Accelerate network packets transmission with eBPF

11 min readMar 23, 2023

In the previous article Tracing Network Packets in Kubernetes, the entire content was used to describe the trajectory of network packets in the Kubernetes network. At the end of the article, we proposed a hypothesis: if two sockets in the same kernel space can transmit data directly, can we eliminate the latency caused by the processing of the kernel network protocol stack?

Whether it is network communication between two different containers in the same pod or between two pods on the same node, it actually occurs in the same kernel space, and the two sockets that are endpoints are also located in the same memory. At the beginning of the previous article, we also summarized that the transmission trajectory of data packets is actually the addressing process of sockets. We can further expand the problem: if the communication between two sockets on the same node can quickly locate the remote socket — find its address in memory, we can skip the step of the kernel protocol stack and accelerate the transmission of data packets.

The two sockets that are endpoints are the client socket and the server socket that establish a connection, and they can be associated with each other through IP addresses and ports. The local address and port of the client socket are the remote address and port of the server socket, while the remote address and port of the client socket are the local address and port of the server socket.

After the client and server complete the connection establishment, if the combination of local address + port and remote address + port can be used to locate the socket, we only need to switch the local and remote addresses + ports to locate the remote socket, and then write the data directly to the remote socket (actually write it to the socket’s receive queue RXQ, which is not expanded here), which can bypass the kernel network stack (including netfilter/iptables) or even the processing of the NIC.

How to implement this? As the title suggests, we use the eBPF technology.

What is eBPF?

The Linux kernel has always been an ideal place to implement monitoring/observability, network, and security features. However, in many cases, this is not easy, as these tasks require modifying the kernel source code or loading kernel modules, resulting in adding new abstractions on top of existing ones. eBPF is a revolutionary technology that allows running sandbox programs in the kernel without the need for modifying the kernel source code or loading kernel modules.

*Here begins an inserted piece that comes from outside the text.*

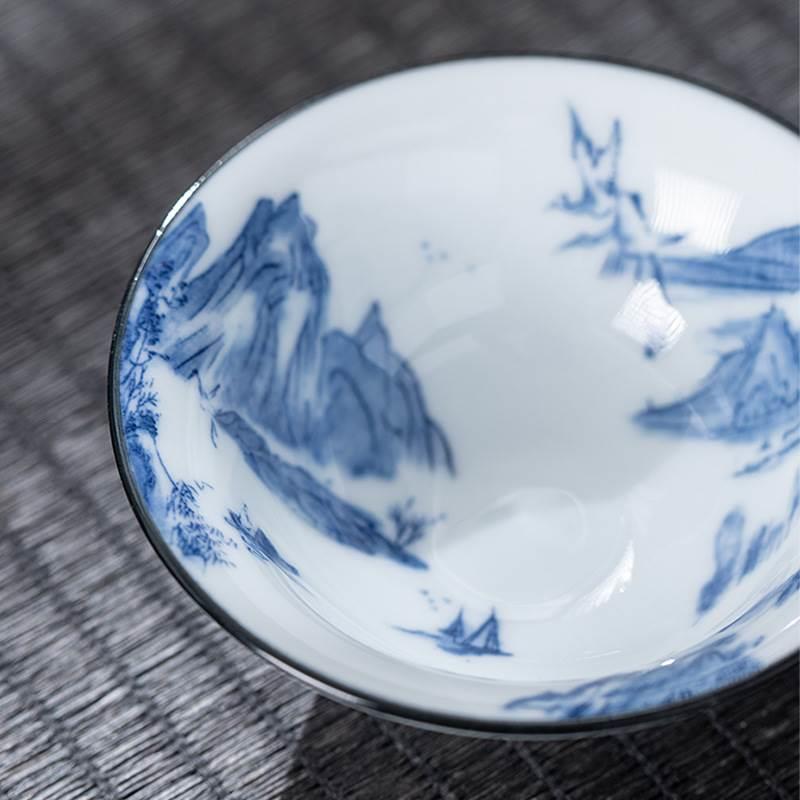 言仓线条小狗泡茶分离杯带滤托陶瓷水杯办公室茶杯生日礼物
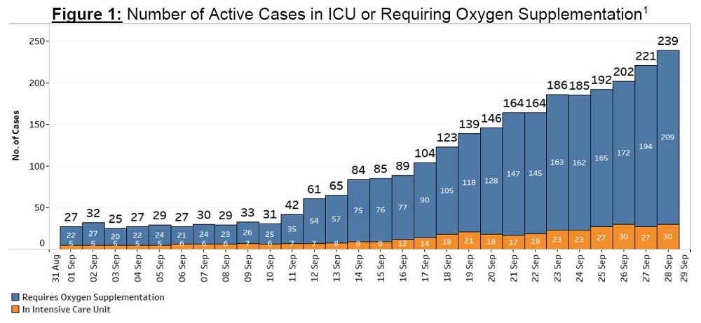 Of these, 209 patients require oxygen support to help them breathe, up from the 194 reported the previous day.

By making the Linux kernel programmable, it becomes possible to build more intelligent and feature-rich infrastructure software based on existing (rather than adding new) abstractions, without increasing system complexity, or sacrificing performance and security.

Use cases

The following is an excerpt from the eBPF.io website.

In networking, using eBPF can speed up packet processing without leaving the kernel space. Additional protocol parsers can be added, and any forwarding logic can be easily written to meet evolving needs.
In observability, using eBPF enables custom metric collection and kernel aggregation, as well as generating visibility events and data structures from a multitude of sources without exporting samples.
In tracing and profiling, attaching eBPF programs to tracepoints and kernel and user-space probe points provides powerful inspection capabilities and unique insights to address system performance issues.
In security, combining the ability to see and understand all system calls with a data packet and socket-level view of all networking, creates a security system that can run in more contexts and have better control levels.

Event-driven

eBPF programs are event-driven, meaning they are executed when the kernel or application triggers a hook point. Predefined hook types include system calls, function entry/exit, kernel tracepoints, network events, and more.

The Linux kernel provides a set of BPF hooks on system calls and the network stack, which can trigger the execution of BPF programs. Below are some commonly used hooks:

XDP: This is the earliest hook point that can trigger a BPF program in the network driver when receiving network packets. Since it has not yet entered the kernel’s network protocol stack and has not performed high-cost operations, such as allocating sk_buff for network packets, it is ideal for running filtering programs that delete malicious or accidental traffic and other common DDOS protection mechanisms.
Traffic Control Ingress/Egress: A BPF program attached to the traffic control (tc) ingress hook, which can be attached to a network interface. This hook executes before L3 in the network stack and can access most of the metadata of network packets. It can handle operations within the same node, such as applying L3/L4 endpoint policies and forwarding traffic to endpoints. CNI typically uses a virtual ethernet interface veth to connect containers to the host network namespace. By attaching a tc ingress hook to the host-side veth, you can monitor all traffic leaving the container (or attach to the eth0 interface in the container). It can also be used to handle operations across nodes. By attaching another BPF program to the tc egress hook, Cilium can monitor all traffic entering and leaving nodes and enforce policies.

The above two hooks belong to the network event type, and below is another hook related to sockets’ system calls.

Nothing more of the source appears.